Subject: Re: MTD devices in NetBSD
To: Bill Studenmund <wrstuden@netbsd.org>
From: marty fouts <mf.danger@gmail.com>
List: tech-kern
Date: 03/23/2006 13:29:19
For performance and space reasons, NAND needs to have the concept of
two different size "blocks".  The literature calls these various
things, but the easiest terminology to use is erase-block and
write-block.  The write-block is small, either 512 bytes or 2k bytes,
in most nand parts, and is the unit of I/O.  You can't read or write
except in write-block increments and once you've written a
write-block, you can't rewrite it until you erase the erase-unit
containing it.  Erase block sizes are typically much larger, often
128kb.

If you try to match file system block sizes to the erase block size,
then you need to do all sorts of clever stuff in the file system for
putting data from more than one file into a single data block, or you
end up wasting a lot of space.

Typically this problem is solved by using a file system block size
that matches the write-block size and modifying the file system so
that it doesn't write zero fill blocks.  But that leads to a need for
garbage collection.

It is the exercise of managing the data structures necessary for
garbage collection that makes for the design trade-offs in the design
of nand-aware file systems, and the reason why so many of the
commercial NAND file systems use an intermediate layer to handle block
management.

Mike Chen, at PalmSource, modified LFS to work with NAND.
Unfortunately, that's PalmSource's IP, and was in PalmOS 6, so we'd
have to do the (estimated 18 man month) project over again to make LFS
work for NAND. Mike's work was pretty carefully tuned to the specific
NAND parts we were working with and took a lot of advantage of
geometry.

JFFS2 tries to work for NAND and NOR by not taking advantage of NAND
OOB storage. It is extremely slow as a result of the overhead that
introduces, and JFFS3 is being written to replace it.

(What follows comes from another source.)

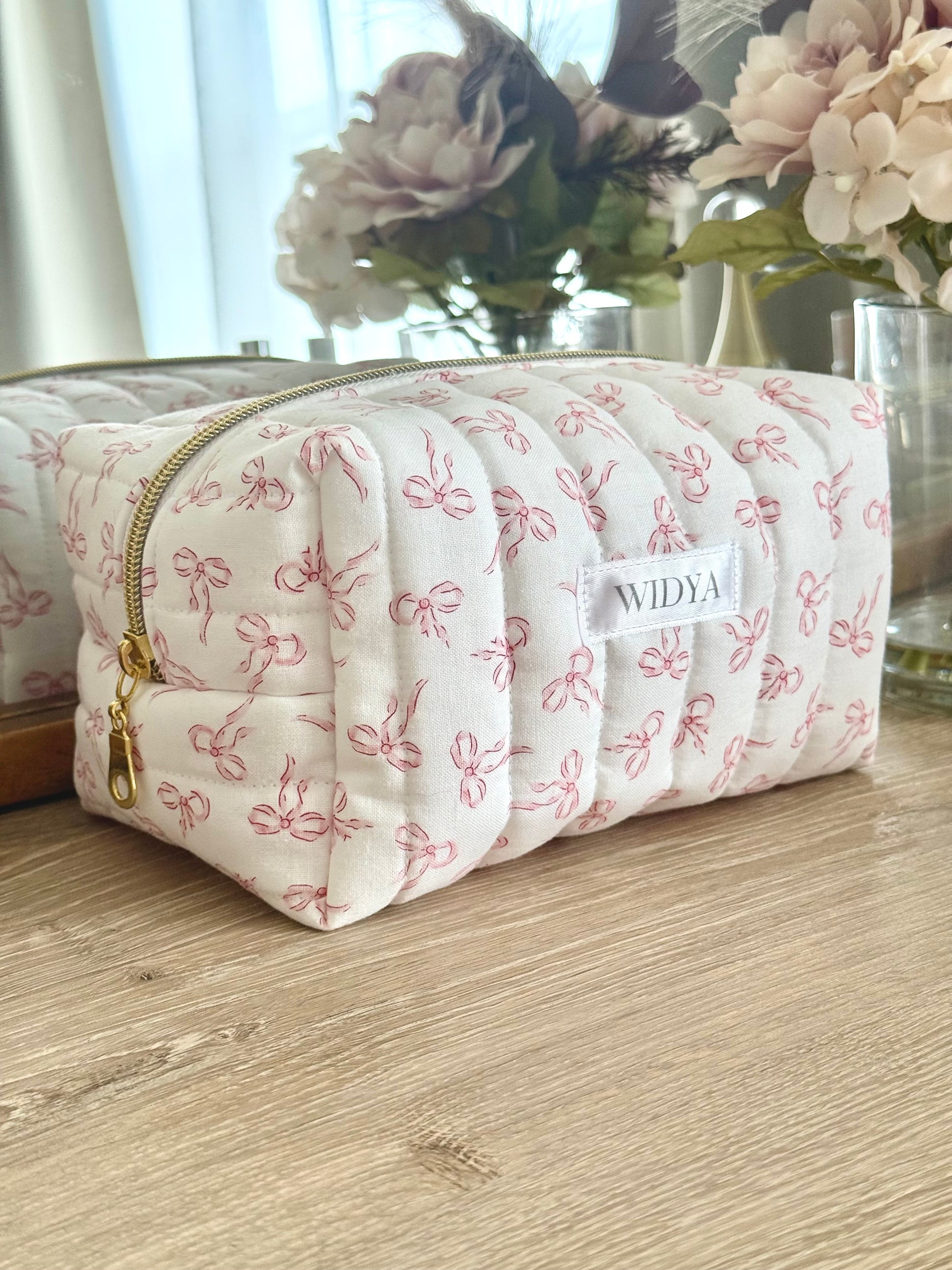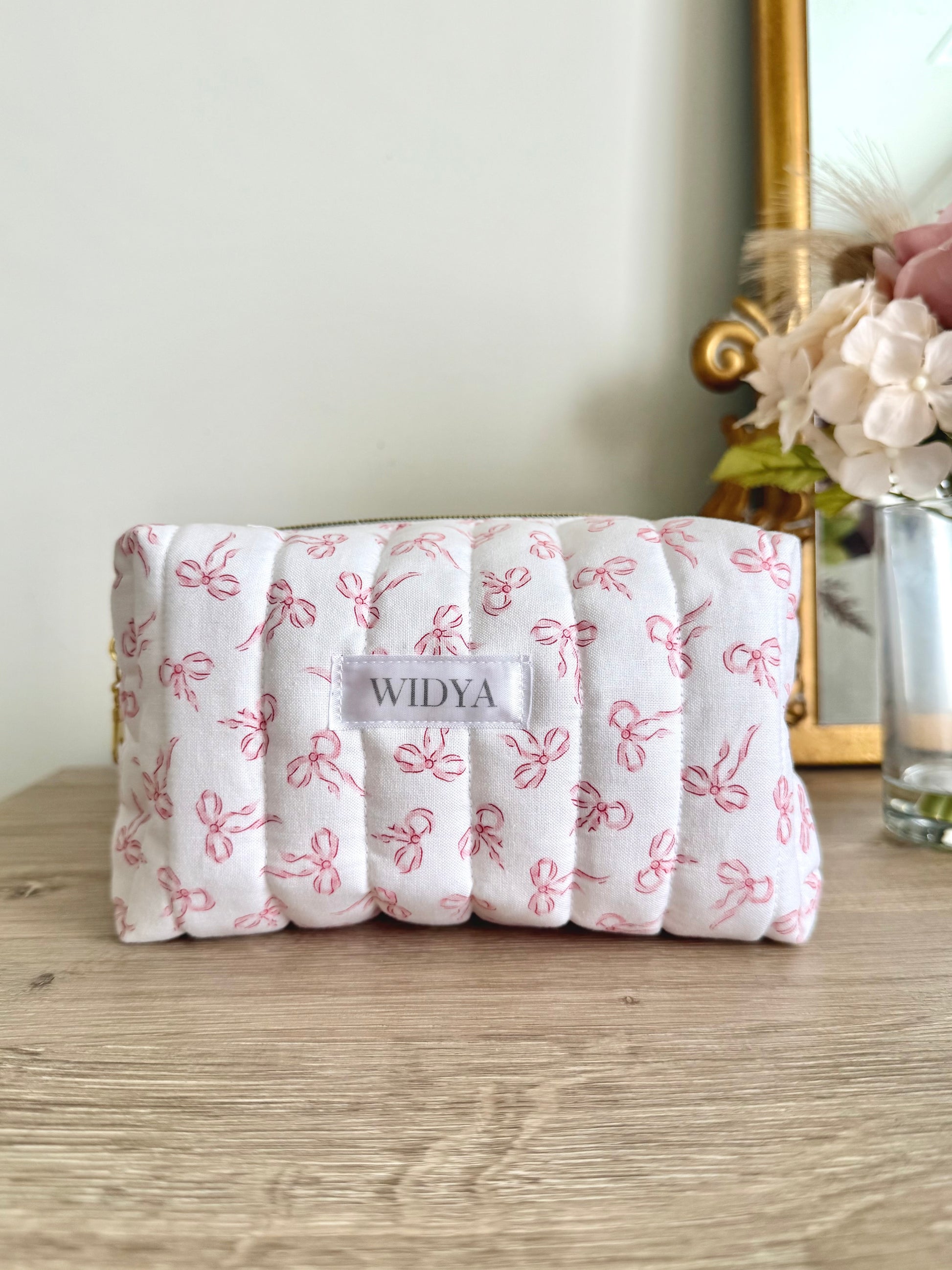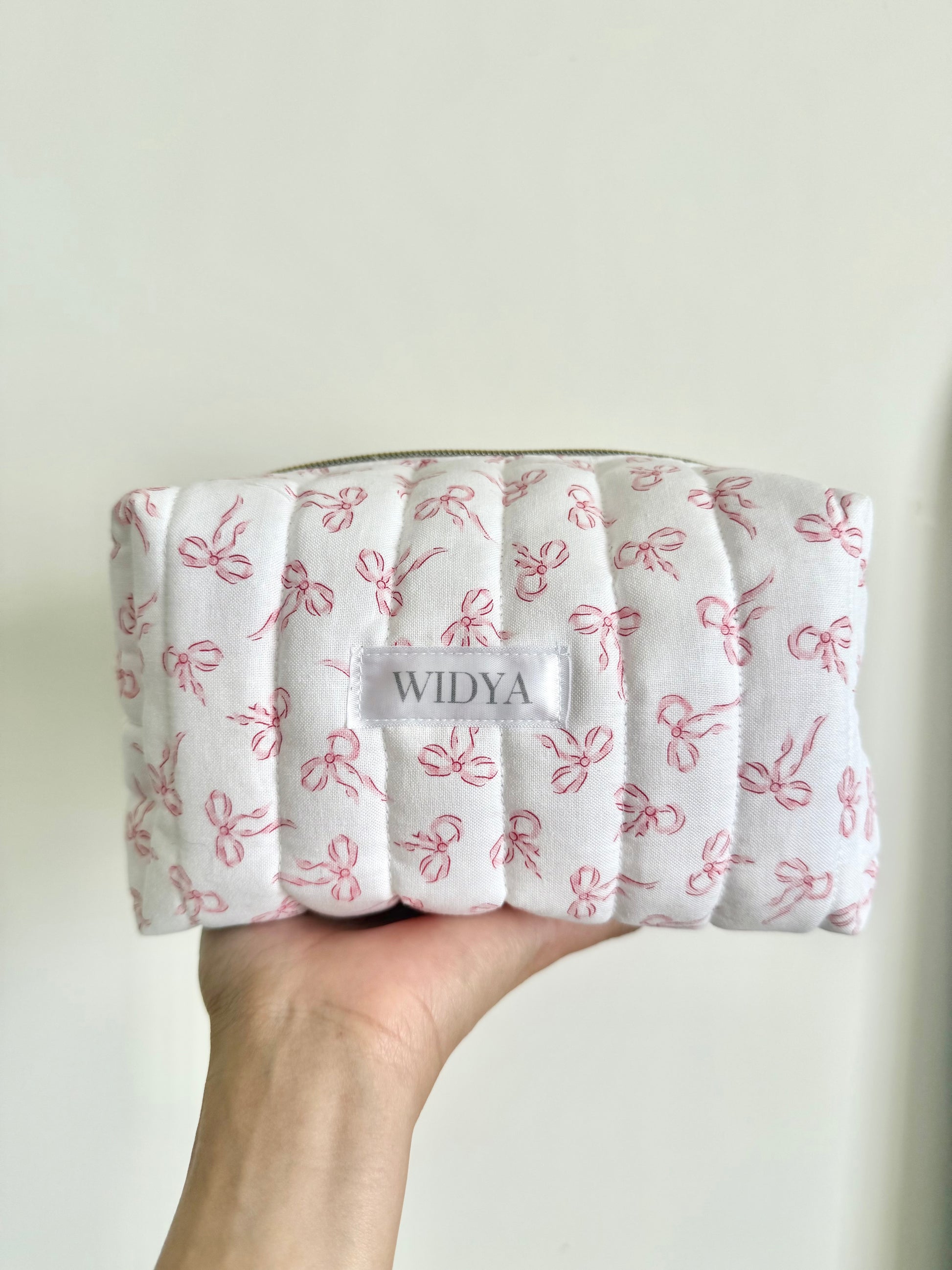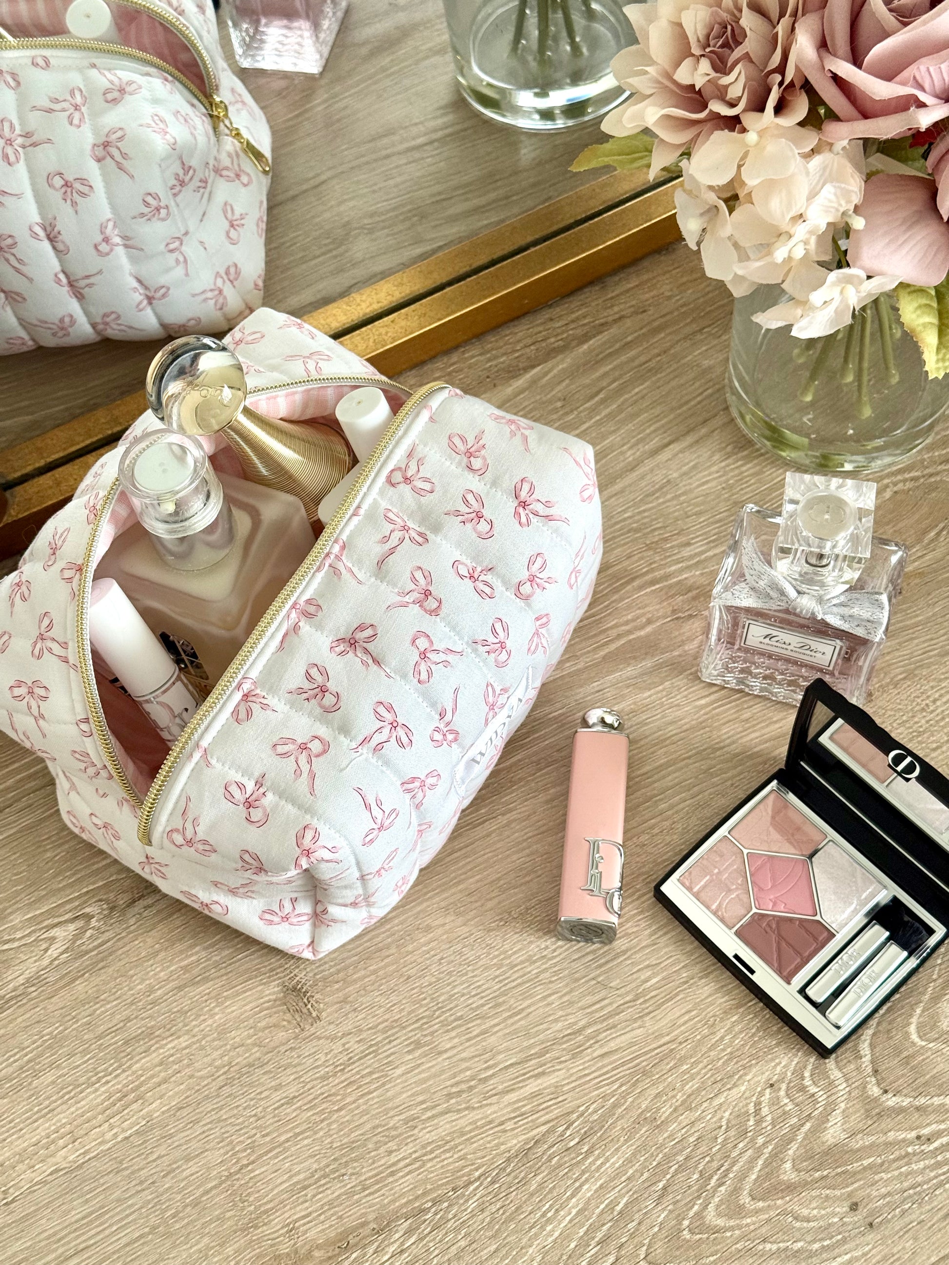 Charming and effortlessly cute, this quilted makeup bag features a delicate pattern of pink bows that feels sweet and timeless. Its soft, girly aesthetic is perfect for anyone who loves subtle details and a handmade touch. It makes every day routines feel a little more special like a small treat just for you.

YAFFS2 takes advantage of the NAND OOB data and is much faster than
JFFS2, but, of course won't work as-is on NOR.  (We've discussed ideas
for modifying it so that a region of NOR could be made to serve as if
it wre the NAND OOB. This seems doable.)

I am familiar with three commercial NAND file systems, M-Systems MDOC,
Datalite's RelianceFS, and Samsung's RFS. MOD and RFS are optimized to
specific hardware, and all three use a "flash translation layer"
between the FS and the flash part.

You can't directly map a "read-only" file system on top of NAND if
that file system block numbers as part of its data structures, unless
you have a remapping layer to deal with bad blocks or are willing to
work only with NAND parts that have no bad blocks. (All NAND parts
have bad blocks...)

There really are about two ways to go with NAND:

1) export a very simple block device model that uses ioctls for
getting/setting configuration, getting/setting OOB data, handling ECC
and erasing and does read/write at the write-block size

or

2) the above plus a "flash translation layer" that does garbage
collection, bad block management, and presents a simple block device
interface.

Marty